I made it to the meeting 

On another note, I am now thinking of wayts to rescape my tank. Need some hardscape....................... I knew this would happen watching the tank setup of the 125.


----------



## MatPat

A big thanks to Scott for hosting the meeting. It was good to me both you and Allen!


----------



## molurus73

Thank you Scott. It was nice of you to have us all over. How about some pics of the final product and how it is maturing.

Jim


----------



## ctmpwrdcamry

molurus73 said:


> Thank you Scott. It was nice of you to have us all over. How about some pics of the final product and how it is maturing.
> 
> Jim


Yeah, pictures. Thats all I asked for 

Sorry I missed it everyone! sounds like it was fun.


----------



## Yzfr6

Here you guys go.... Also I seem to be having a little hair algea problem from the swords that we received. Anyone know what the best way is to get rid of this? So far it is not that bad just want to get it under control before it gets to be a big problem. Again thanks for everyones help and donations it was greatly appreciated.... Also, the crypts have seemed to have melted a bit and the Red Lotus has sprouted another leaf it is doing really well. I have cranked up the CO2 to help with the algea and I have been doing water changes twice a week thus far.


----------



## MatPat

Manual removal and pruning the affected leaves is the best way to get it under control. 

Have you started any ferts yet? Fertilization, including CO2, will keep hair algea away  Lack of ferts causes the plant to slow their growth and algae then takes over. I know you and Erik were going to wait a month or so before starting ferts but I have never had any luck doing this. I remember Erik mentioning that Jeff Senske doesn't use ferts for the first month but he also uses ADA substrate products which contain plenty of ferts for the first few months. I would start with the ferts but be prepared for the algae to take off along with plant growth. They both like the same things 

As far as removal, I have had luck using a toothbrush, kinda like twirling spaghetti on a fork, to remove hair and or thread algae.


----------



## Yzfr6

*A Month LAter*

Guys here are some updated pics of the 125 Gallon Tank. I know have some fish in there as well. I have Silver tip tetras, black Tetras, and SEA's. Everything is growing like weeds especially the tiger lotus. The only thing that does not seem to be growing is the HC. So if anyone knows where I can get my hands on some that would be greatly appreciated. Next are the Discus!!!!


----------



## Yzfr6

Well its been seven months and here are some pics of the 125 gallon tank. Still have a diatom problem that I hope goes away soon. Enjoy


----------



## Troy McClure

I think you can go ahead and cut back on your water changes. That should help with the diatoms, or possibly cause your tank to create an "unrequested fission surplus," ala Three Mile Island.
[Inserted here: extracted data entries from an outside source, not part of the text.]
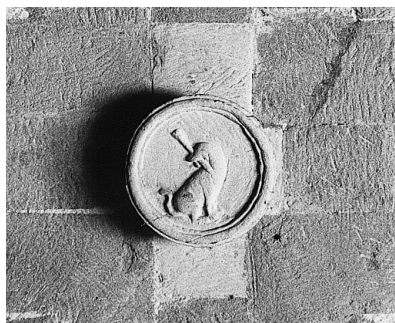
Clau que tanca una de les voltes de l'antiga cuina. S'hi perfila el relleu del ca de sant Domingo

L'art acurada i les notícies documentals ens permeten esbrinar quin va ser el valor que es va conferir al claustre en el context conventual de Manacor. La comunitat va expressar la seva profunda preocupació pels aspectes estètics, com ho demostra el constant replantejament de la configuració dels seus elements; si més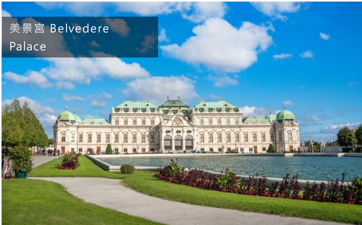
美景宮 Belvedere Palace

美景宮是位於奧地利首都維也納的一個巴羅克建築風格的宮殿。二戰期間宮殿曾遭到破壞，但在戰後得到修復。現在的貝爾維帝宮是奧地利美景宮美術館的所在地。奧地利0.2歐元硬幣使用了貝爾維帝宮作為圖案。（摘錄自Wikipedia）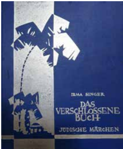
עבודת הבכורה של אירמה זינגר, יצאה לאור בשנת 1918

ספרות, סיפורים אלו לא היו משהו חריג אך צורת ההגשה נראתה לו: בכל ספרי הילדים שלה, אירמה זינגר (אפילו בראשון) השתדלה לחזק את זהותם היהודית של הילדים ולהציע להם את חזון החיים בארץ ישראל – בהשוואה לחיים באירופה, שם היהודים תמיד היו זרים. הספר תורגם אחר כך לפולנית 7 ולצרפתית ואירמה הפכה פתאום לכוכב ספרותי.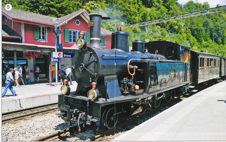
1. Alarmed at the imminent arrival of MOB dual-gauge vehicles in Interlaken, the Zentralbahn holds secret tests in Summer 2016 at Meiringen works with HGe 101 968 with an eye to converting their network to "Gartenbahn" gauge and thwarting MOB's expansion plans. Photo: Shoto Thomas 2. A Solaris Postbus at the side of Lake Brienz on the outskirts of Bonigen, en route from Iseltwald to Interlaken West. Photo: Peter Keating 3. A lovely teak Wagon Lit coach in the special train spotted by Peter Keating. Photo: Mark Fox 4. SBB Historic BDe 4/4 No 1643 at Bauma. Photo: Mark Fox 5. G3/4 No 208 at Brienz station with its historic coaching stock of the Ballenberg Dammbahn on the 30th June, 2018. Photo: Paul Sampson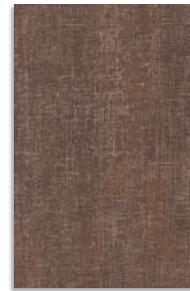
Loom Marrón G.212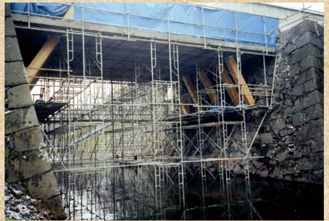
大手橋復原工事の様子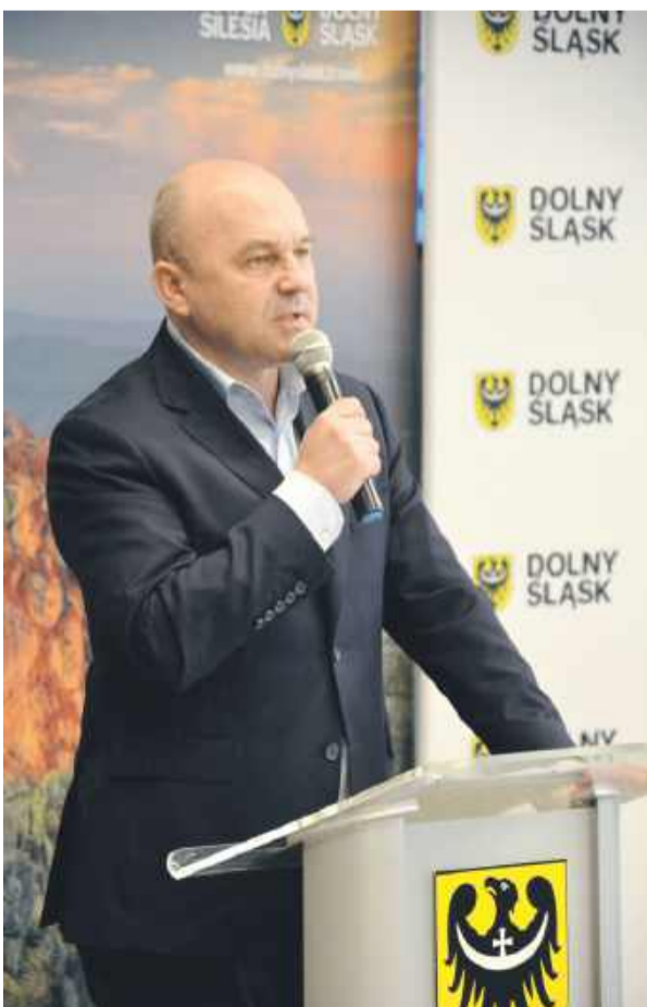
- Dzięki tej pożyczce przedsiębiorcy z powiatu strzezińskiego zwiększą swoją odporność na sytuacje kryzysowe - wicemarszałek Wojciech Bochnak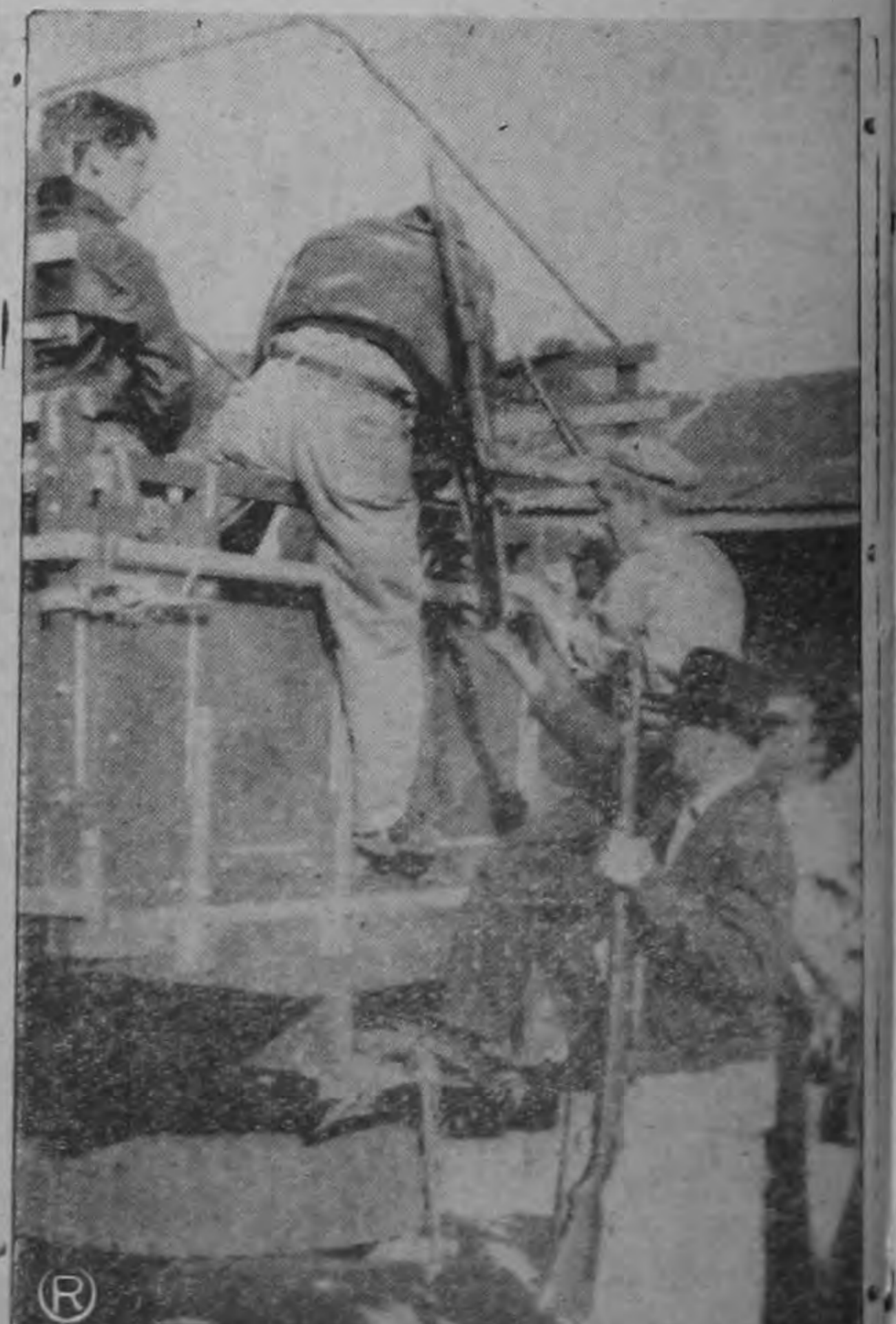
Voluntarios civiles de Zarcero suben en un camión para dirigirse a combatir a los agresores.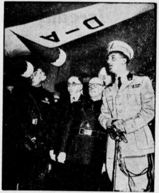
Italijanski prestolonaslednik Umberto si na mednarodni zrakoplovni razstavi v Milanu ogleduje nov model letala.

Krma za govejo živino je prav tako skrbno sestavljena in je shranjena v treh silosih na farmi. Hlapci, ki so na farmi v službi, so vsi doma iz okolice in so seveda za svoje opravilo posebej izšolani. Le po šest dni na teden delajo, v poletnem času seveda po deset ur na dan, pozimi pa imajo več prostosti, vendar so vedno enako plačani. Za te službe je zmeraj veliko prosilcev, zakaj služba na Pasteurjevi farmi je prijetna in velja kot odlično priporočilo za druge svobodne službe.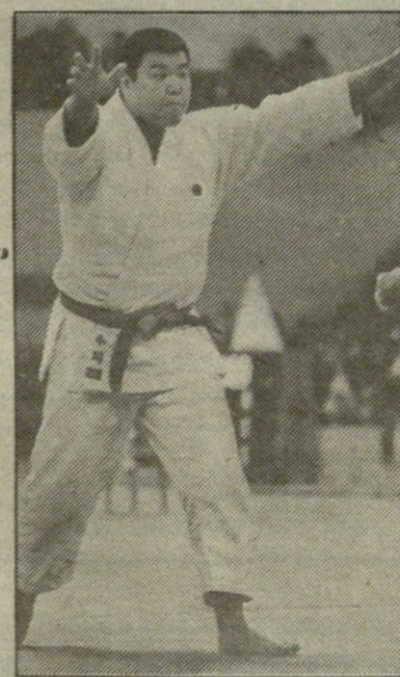
ნავთი იგავა პირველობაში, მერე ბულგარიაში გამართულ მსოფლიო ჩემპიონატში ორი ოქროს ჯილდო დაიმსხურა.

მარსელის მსოფლიო ჩემპიონატში იგავა კვლავ უმაღლეს ჯილდოს მოიპოვებდა. მაგრამ პირველ დღეს სპორტსმენს ზელი მოეცა. სპეციალისტებმა ეს ამბავი ტურნირის ყველაზე დიდ სენსაციად მიიჩნიეს: ნახევარფინალში აპონენელი მოლოდინად საბჭოთა სპორტსმენის სერგეი კოსოროტოვის ფანდებს წაოჯრი და მესამე ადგილზე დარჩა. მაგრამ ნავთიამ შექლო რანგის ადგილს აბუჯარი პირველობაში, სადაც წმინდად დამარცხა ქუთაისელი დეით ხასალეიშვილი.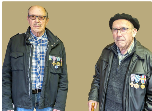
Anciens combattants de la guerre d'Algérie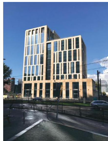
NOMA HOUSE IN AMSTERDAM

Het architectenbureau Dam & Partners komt dit jaar weer terug in de lijst door de oplevering van een kantoor aan de Zuidas. Op dit moment werkt het bureau samen met Jean Nouvel aan het nieuwe kantoor van het European Patent Office in Rijswijk. In de orderportefeuille zit ook het ontwerp voor de hoogste woontoren van Nederland, de Zalmhaventoren in Rotterdam.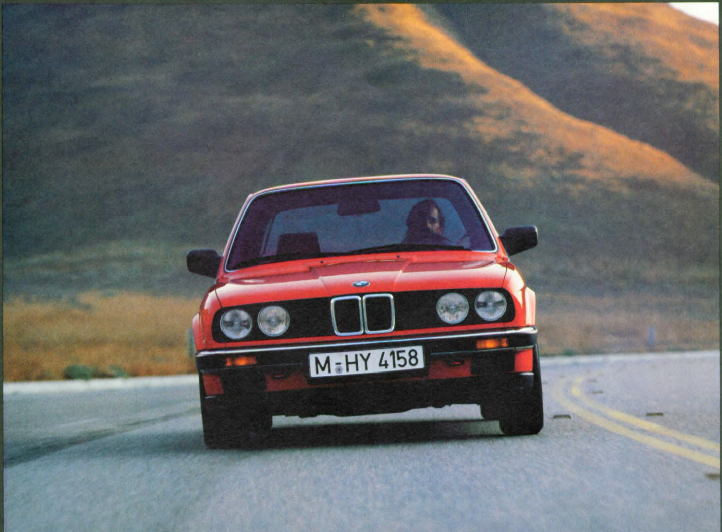
BMW 318i, als extra leverbaar: 60-seriebanden 195/60 HR 14, rechter buitenspiegel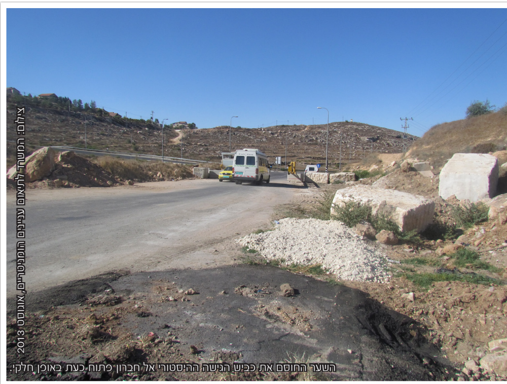
צילום: המשדח לתאום עניינים הומניטריים, אוגוסט 2013

המתפקדים הבודדים בכלכלה העזתית מוכת השפל. כמו כן, עקב סגירתו של מעבר רפיח, מספרם של מטופלי משרד הבריאות בעלי הפניות לטיפול בחו"ל שנסעו למצרים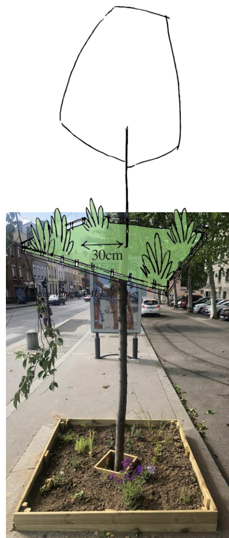
Plantation en pied d'arbre dans le respect de l'arbre existant. Exemple Ville de Lyon 69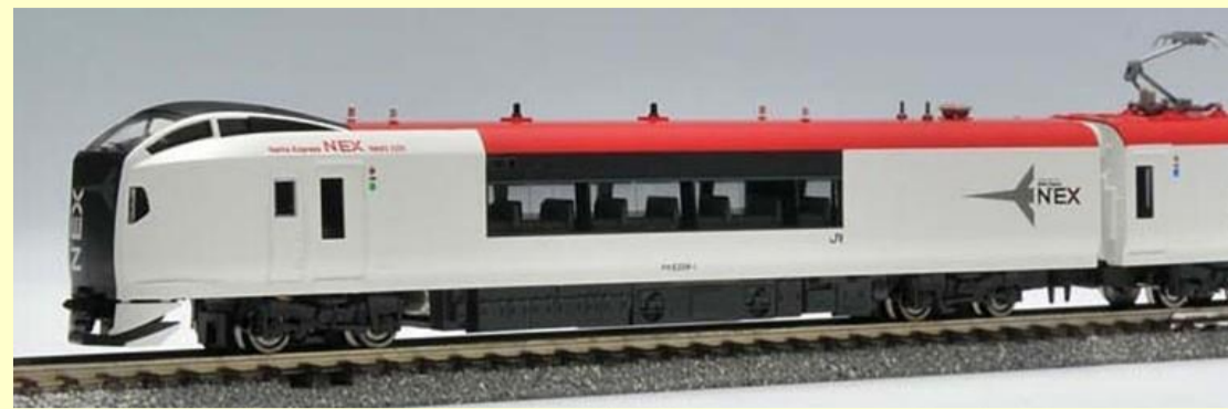
※写真は旧製品です 実際の製品仕様と異なる場合があります

Either way, the important thing is we'll know. Those riccia stones look great. I'd suggest thinning out the amount of riccia per stone, getting more flat round stones from the creek and making a more coherent border between the substrate and the edge of the plants along the foreground.

If you were wondering why you're having problems with foreground plants, reading through this thread might shed some light on the situation (pun completely intended) - http://www.aquaticplantcentral.com/...ghting/35245-lux-more-important-than-wpg.html

Can you upload a larger full-tank shot?


----------